Tag: Washington

What Retirement Plan Sponsors Need to Know About CARES Act

The CARES Act (Coronavirus Aid, Relief and Economic Security Act) was signed into law on March 27, 2020. The CARES Act is designed to provide support to Qualified Individuals who are experiencing financial consequence as a result of COVID-19. Qualified Individuals include those quarantined, laid off or subject to reduced hours or those unable to work due to lack of child-care as a result of COVID-19. Please find below a summary of the CARES Act provisions specific to Retirement Plans.

Just because these options are available does not ensure they are financially advantageous. Please consider not only your short-term needs but also your long-term Values & Goals, as well as alternate options, before proceeding. A consultation can help ensure your financial actions are aligned with your Values & Goals.

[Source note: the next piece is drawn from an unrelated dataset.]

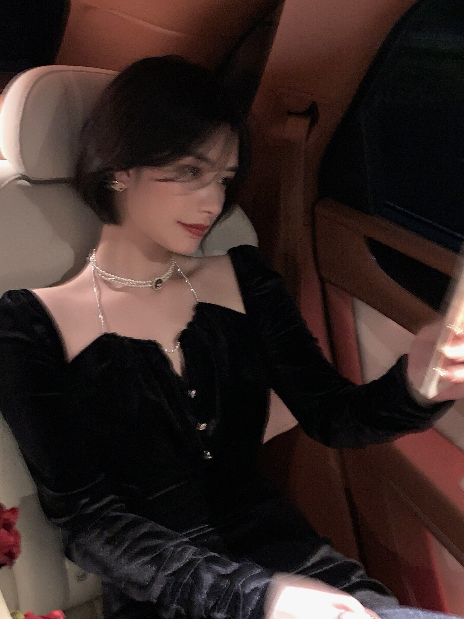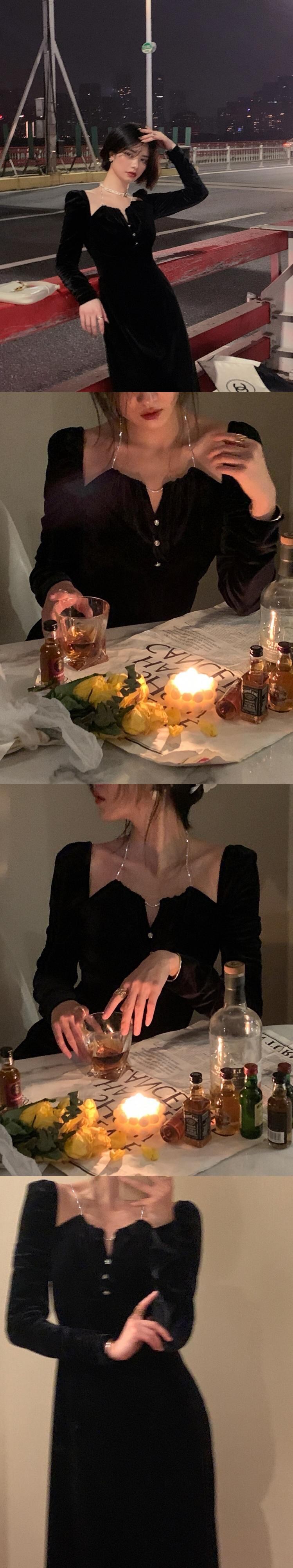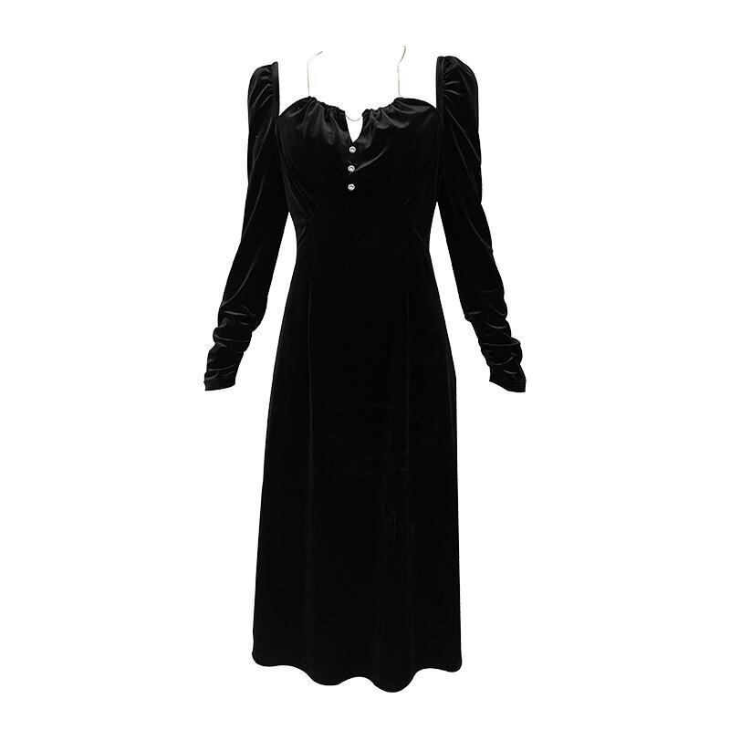 ライトラグジュアリー婦人服初秋フレンチレトロヘップバーンスタイルリトルブラックドレスデザインパフスリーブブラックベルベットドレスレディース オータム 秋物 yingd47721886230

Retirement Plan Distributions to Qualified Individuals

  • Permits in-service hardship distributions up to $100,000 during the period January 1, 2020 – December 31, 2020.
  • Waives the 10% early distribution penalty
  • Taxable, however, 20% federal income tax withholding can be ignored
  • Distribution can be repaid to the plan within 3 years to gain tax-free rollover treatment
  • Can recognize the distribution as taxable income spread over 3 years, effectively spreading federal tax obligations out over 3 years (state tax TBD).

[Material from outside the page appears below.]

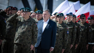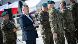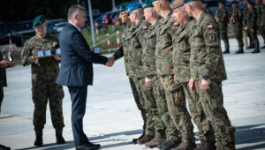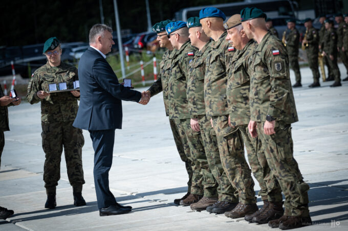Nie ma miękkiej gry – zagrożenia są realne, stoicie przed ogromnymi wyzwaniami. Ale macie też przyjaciół. Macie przyjaciół wśród lokalnych samorządowców – począwszy od sejmiku województwa, poprzez powiaty i gminy. Są dziś z nami samorządowcy, którzy was wspierają: prezydenci miast, burmistrzowie, wójtowie, a także panowie wojewodowie. Są obecne służby – dziękuję bardzo wszystkim, którzy wspierają naszych żołnierzy. (…) Z tego miejsca pragnę również bardzo serdecznie podziękować waszym rodzinom. To dzięki ich miłości i wyrozumiałości możecie prawidłowo pełnić swoją służbę – podkreślił wiceszef MON.
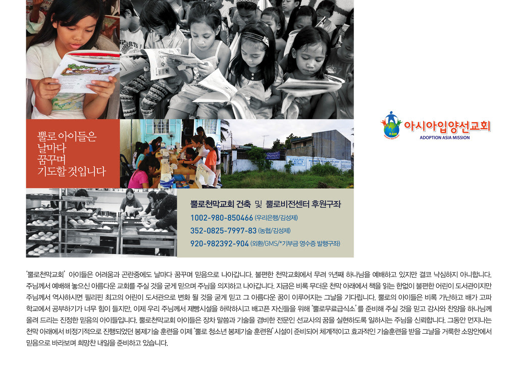 2.’영적입양’ 후원자와 개인 후원자에게는 1부씩 무료로 발송해 드립니다.

Relaxed Retirement Plan Loan Rules for Qualified Individuals

  • Permits Plan loans up to the lesser of 100% of the participants vested balance or $100,000
  • Individuals with outstanding loans with a repayment due from the date of enactment of CARES through December 31, 2020 may delay loan repayments for up to one year.

Required Minimum Distributions Temporarily Waived

  • Option to waive RMDs for the year 2020.

Most recordkeepers are providing a global amendment to retirement plans, making these options available as soon as administratively feasible, unless the Plan Sponsor elects not to include these options. Plan amendments for these provisions are not required until the last day of the first plan year beginning on or after January 1, 2022 (January 1, 2024 for governmental plans).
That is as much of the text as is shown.